L'étendue de la châtellenie était-elle la même que celle du comté ? Je ne le pense pas. Le comté était nécessairement plus considérable que la châtellenie, qui n'en formait qu'une partie. Peut-être pourrait-on considérer l'ancienne prévôté de Montdidier comme comprenant assez exactement dans son ressort ce qui constituait le comté ; mais ceci est encore conjectural. Ce qui est positif, c'est que le comté de Montdidier avait une importance réelle, puisque des auteurs le mettent sur la même ligne que le comté de Vermandois.

Louis XIV, voulant reconnaître les services que lui avait rendus le marquis de Piennes, gouverneur de Pignerol, lui engagea, en 1647, les fiefs dépendants de la Salle du Roi, moyennant la somme de 10,000 livres. En 1705, Olympe de Brouilly, dame de Piennes, épouse séparée de biens du duc d'Aumont, pair de France, gouverneur du Boulonnois, échangea, avec l'autorisation de son mari, plusieurs fiefs et terres qu'elle possédait dans l'étendue du parc de Versailles, contre les fiefs relevant de la Salle du Roi à Montdidier. Louis XIV désirait cet échange ; les terres dans le parc de Versailles étaient à sa convenance. Il eût été maladroit, de la part d'un courtisan, de ne point déférer aux désirs du roi ; aussi, bien que les terres appartenant à la duchesse d'Aumont fussent estimées 40,000 liv., et les domaines et seigneuries de la Salle du Roi 27,795 liv. seulement, le duc d'Aumont, pour donner au roi des marques de son obéissance, s'empressa d'obtempérer à sa demande. Louis XIV abandonna à la duchesse d'Aumont le domaine, les fiefs et la seigneurie de la salle de Montdidier, avec les droits directs et mouvants, l'hommage des vassaux, les droits d'échange sur les mouvances féodales et censuelles, sans aucune justice que la justice foncière pour le recouvrement des droits des fiefs ; se réservant expressément la justice avec les droits et offices qui en dépendaient, à la charge par la duchesse d'Aumont de tenir le domaine à foi et hommage du roi, à cause de la tour du Louvre.
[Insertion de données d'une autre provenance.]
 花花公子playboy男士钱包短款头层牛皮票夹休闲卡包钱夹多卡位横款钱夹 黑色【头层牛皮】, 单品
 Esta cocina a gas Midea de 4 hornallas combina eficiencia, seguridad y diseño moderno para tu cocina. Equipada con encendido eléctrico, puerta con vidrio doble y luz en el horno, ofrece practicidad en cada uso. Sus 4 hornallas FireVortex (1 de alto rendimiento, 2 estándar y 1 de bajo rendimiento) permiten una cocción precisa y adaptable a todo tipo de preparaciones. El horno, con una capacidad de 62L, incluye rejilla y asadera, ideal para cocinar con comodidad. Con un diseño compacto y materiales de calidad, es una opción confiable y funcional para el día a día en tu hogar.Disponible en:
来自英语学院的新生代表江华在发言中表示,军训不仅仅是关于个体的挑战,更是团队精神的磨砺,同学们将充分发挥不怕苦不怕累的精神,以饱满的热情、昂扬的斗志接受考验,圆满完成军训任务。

L'estimation du domaine de la Salle du Roi, faite par le Caron de l'Éperon, président en l'élection, et de Bertin, lieutenant général au bailliage, s'éleva à la somme de 27,595 liv., calculée au denier 25, sur un revenu qui montait, année commune, à 1103 liv. 16 sols ; c'est en vertu de cet échange que le duc d'Aumont, marquis de Piennes, prenait, avant la Révolution, le titre de comte de Montdidier, seigneur perpétuel à titre d'échange avec Sa Majesté des fiefs et seigneuries de la Salle de Montdidier.
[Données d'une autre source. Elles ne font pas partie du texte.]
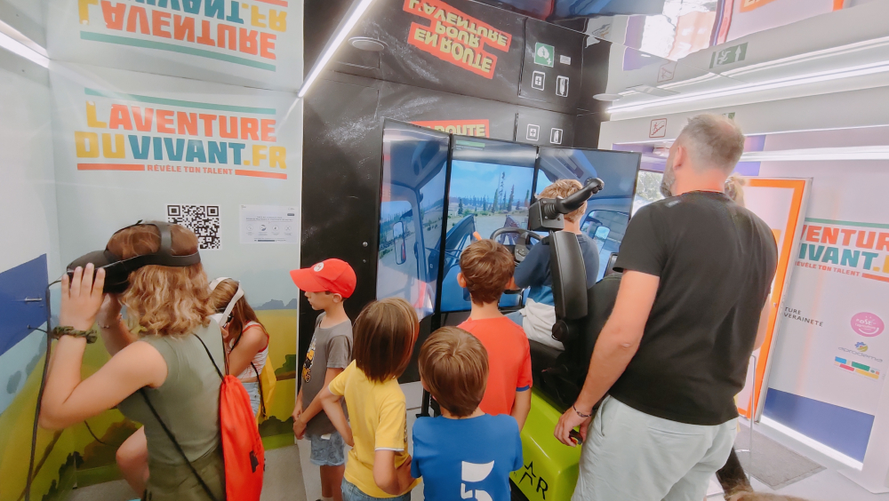 Non loin de la sortie et des restaurants dressés sous des grands tipis, l'énorme camion rouge de 'L'aventure du vivant' ne passe pas inaperçu : il propose une animation étonnante et itinérante, à l'initiative du ministère de l'Agriculture depuis 2020. Les enfants se précipitent sur le simulateur de conduite de tracteur, les différentes tablettes et casques en réalité virtuelle : "Nous nous plaçons habituellement en cœur de ville pour sensibiliser à l'enseignement agricole les enfants de 4e et 3e, au moment d'une possible orientation scolaire. Les enseignants nous réclament. Nous serons à Arles et Marseille en septembre". Rendez-vous est donc pris.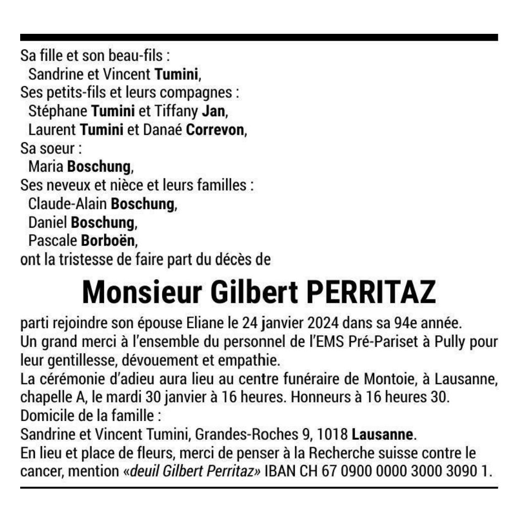 Monsieur Gilbert PERRITAZ 27 juin. 1930 - 24 jan. 2024 Avis mortuaire PFG Télecharger PDF Partager sur: Galerie PreviousNext PreviousNext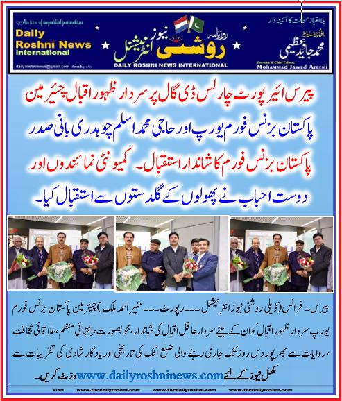 پیرس۔ فرانس(ڈیلی روشنی نیوز انٹرنیشنل ۔۔۔رپورٹ۔۔۔ منیر احمد ملک )چیئرمین پاکستان بزنس فورم یورپ سردار ظہور اقبال کو ان کے بیٹے سردار عاقل اقبال کی شاندار ، خوبصورت، اِنتہائی منظم، علاقائی ثقافت ، روایات سے بھرپور دس روز تک جاری رہنے والی ضلع اٹک کی تاریخی اور یادگار شادی کی تقریبات سے فراغت کے بعد پیرس واپس پہنچنے پر بزنس فورم کے عہدیداران ، کمیونٹی نمائیندوں اور دوست احباب نے پیرس ائرپورٹ پر خوش آمدید کہا ، سردار ظہور اقبال اور حاجی ممحمد اسلم چوہدری کا استقبال پھولوں کے گلدستوں سے کیا گیا ، احباب نے سردار ظہور اقبال کو مبارکباد پیش کی اور کہا کہ آج تک ایسی خوبصورت اور منفرد شادی کبھی نہیں دیکھی ،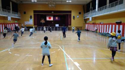 けいどろをしています。警察は先生2人で泥棒は子どもたち全員の大人対子ども対決です。けいどろが終わった後、手打ちをおこなっています。

Le bâtiment de la Salle du Roi, qui tenait lieu de l'ancien château, n'aurait été d'aucune utilité s'il n'eût servi qu'à loger les rois lors de leur passage dans notre ville, car cela arrivait fort rarement ; mais il était habité par le prieur des Bénédictins, et c'est probablement à cette circonstance qu'on doit sa conservation. Les rois de France étant les successeurs des comtes de Montdidier, fondateurs du prieuré de Notre-Dame, les religieux obtinrent de la générosité royale la faculté de demeurer dans la Salle du Roi, qui remplaçait le château, par imitation et en souvenir sans doute de ce qu'avaient fait pour eux les anciens comtes qui les avaient installés dans leur propre résidence.
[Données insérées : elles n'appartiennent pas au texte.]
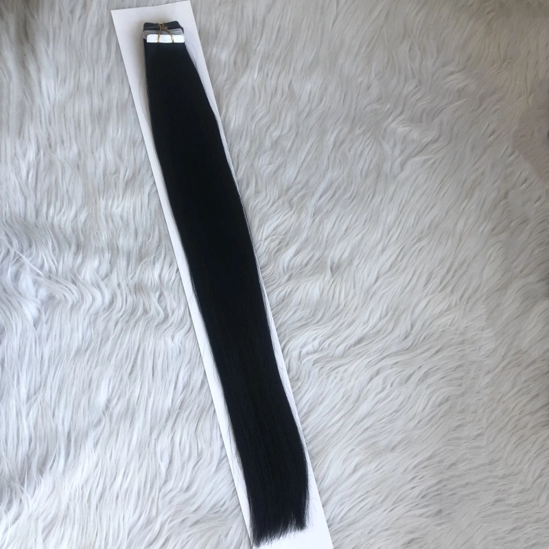Picture shown Jet black tape-in Remy hair offers a sleek, glossy, deeply pigmented black shade with ultra-flat adhesive panels for a seamless and natural-looking blend.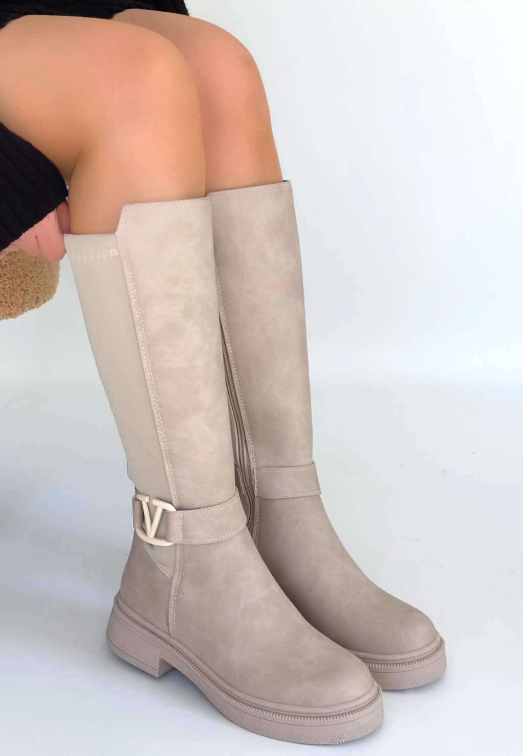İwon Bej Süet Körüklü Çizme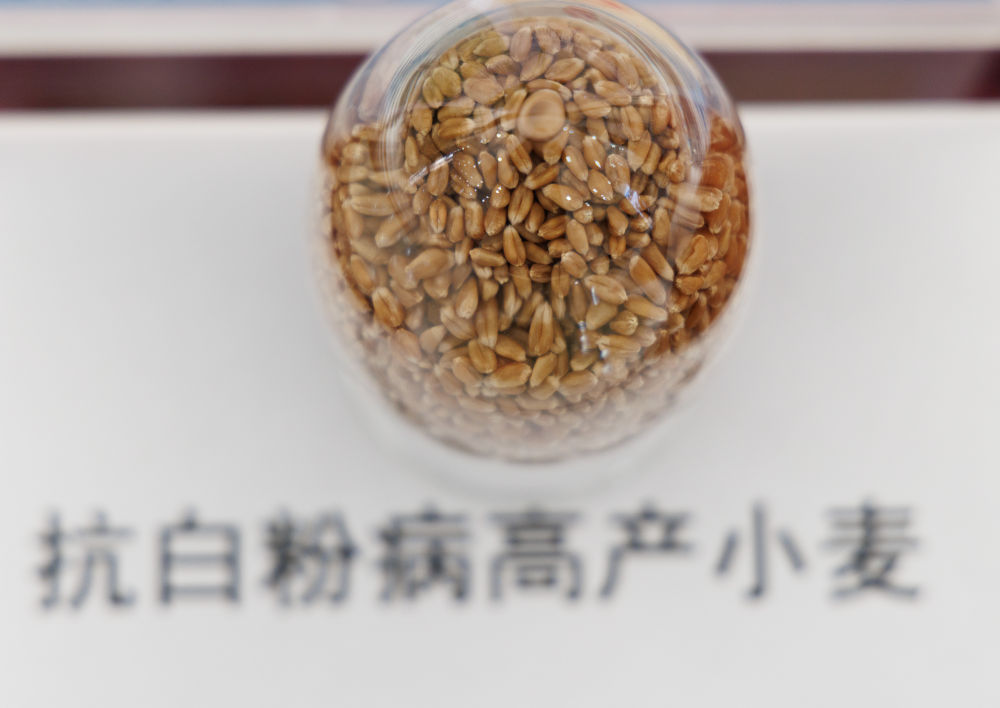↑这是发布会现场展示的抗白粉病高产小麦(12月22日摄)。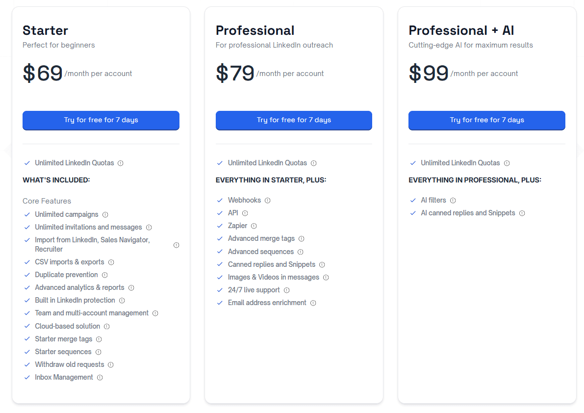 | Dux‑Soup | $14.99/month | Basic to advanced automation | Profile visits, simple messaging, unlimited smart drip campaigns, CRM integration | 4.3/5 |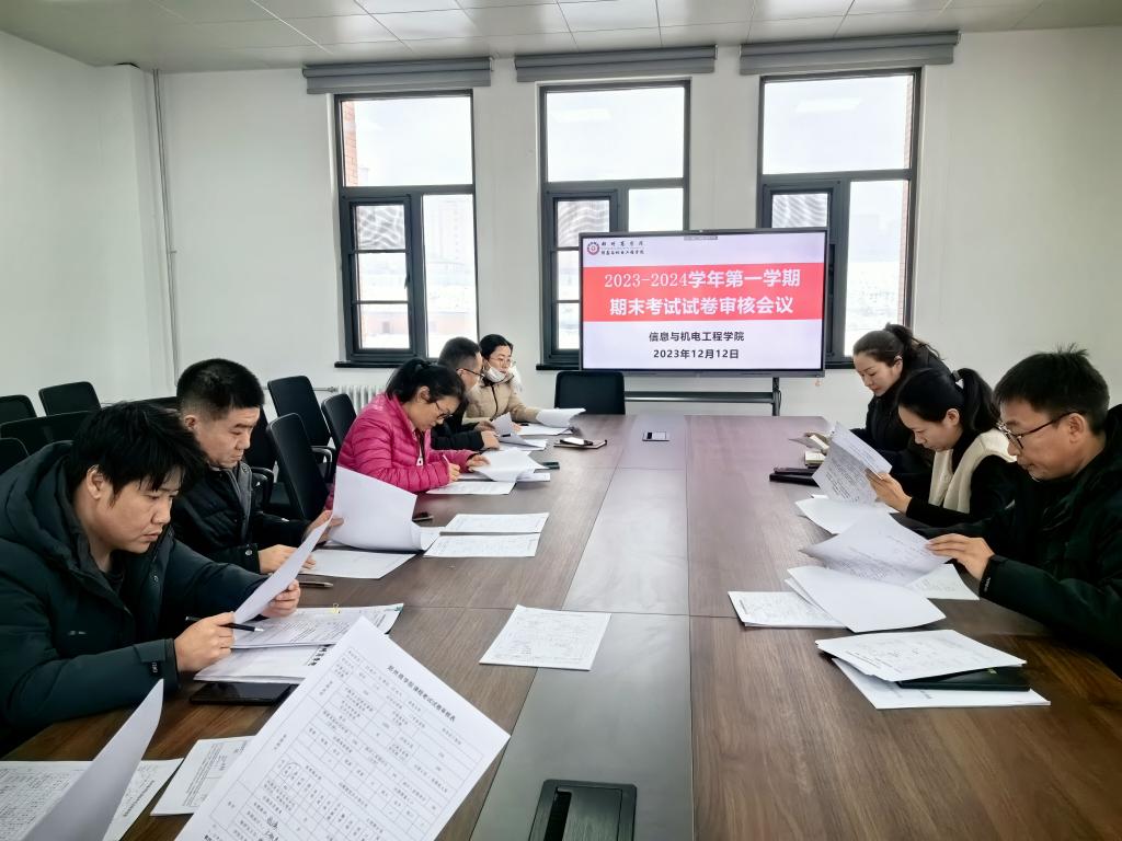 为进一步落实学校“严教”“严考”工作要求,更加规范考试命题工作,高质量完成本学期期末课程考核。12月12日下午,信工学院在三彩校区信工大楼会议室召开了2023-2024学年第一学期期末考试试卷审核会议,严把试题质量关。张晓冬院长、张伟华副院长、质量监控联络员任孝锋老师以及各教研室主任参加了本次会议。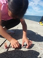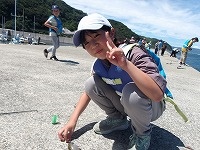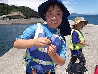 最近の異常な暑さは、釣りに行く前に水を頭からかぶって、気化熱を利用した天然クーラーで問題なし。 | 海風が気持ちいいなか、釣りに挑戦した子ども達でした。 | さぁ、夏が始まりました。 |

Dans le cours du seizième siècle, les gens de justice expulsèrent le prieur de la Salle du Roi et s'en emparèrent. Depuis, ce local a toujours servi à la tenue des audiences. Avant que les hommes de loi eussent commis cette usurpation, qui pour des gens de robe semble passablement criante, la justice se rendait dans un bâtiment situé près de la porte Becquerel, dans la rue du Pressoir ; il en restait encore quelques vestiges au commencement du siècle dernier.